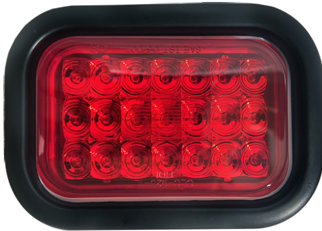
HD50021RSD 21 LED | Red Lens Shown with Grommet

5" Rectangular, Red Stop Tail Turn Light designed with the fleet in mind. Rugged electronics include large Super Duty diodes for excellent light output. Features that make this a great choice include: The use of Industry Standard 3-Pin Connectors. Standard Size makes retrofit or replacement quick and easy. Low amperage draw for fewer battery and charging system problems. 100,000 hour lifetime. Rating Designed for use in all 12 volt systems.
========================================
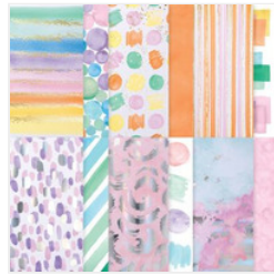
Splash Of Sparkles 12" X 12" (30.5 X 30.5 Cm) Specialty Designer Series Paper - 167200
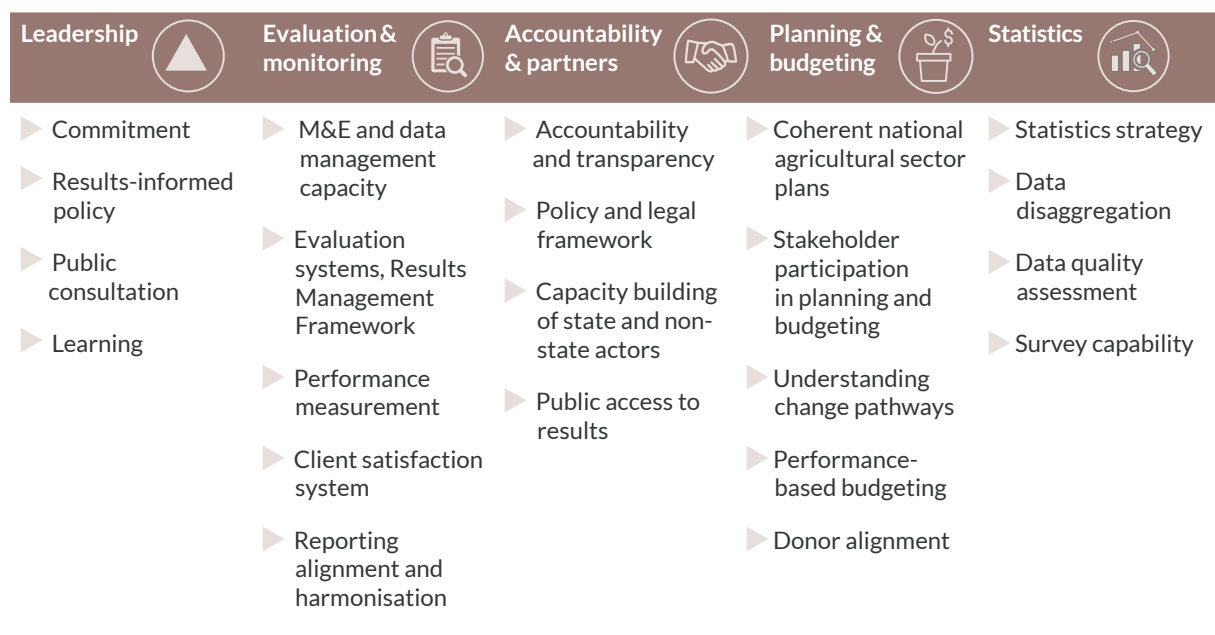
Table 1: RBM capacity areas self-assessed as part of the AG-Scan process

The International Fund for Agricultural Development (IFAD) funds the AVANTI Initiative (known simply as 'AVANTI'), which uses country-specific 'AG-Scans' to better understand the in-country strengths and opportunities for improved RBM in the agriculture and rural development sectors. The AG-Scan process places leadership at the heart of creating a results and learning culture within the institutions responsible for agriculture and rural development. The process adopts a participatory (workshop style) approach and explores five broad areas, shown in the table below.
========================================
Your answer should consist only of the lines above between the line holding "HD50021RSD 21 LED" and the line holding "12 volt systems.", inclusive, each transcribed exactly.

HD50021RSD 21 LED | Red Lens Shown with Grommet

5" Rectangular, Red Stop Tail Turn Light designed with the fleet in mind. Rugged electronics include large Super Duty diodes for excellent light output. Features that make this a great choice include: The use of Industry Standard 3-Pin Connectors. Standard Size makes retrofit or replacement quick and easy. Low amperage draw for fewer battery and charging system problems. 100,000 hour lifetime. Rating Designed for use in all 12 volt systems.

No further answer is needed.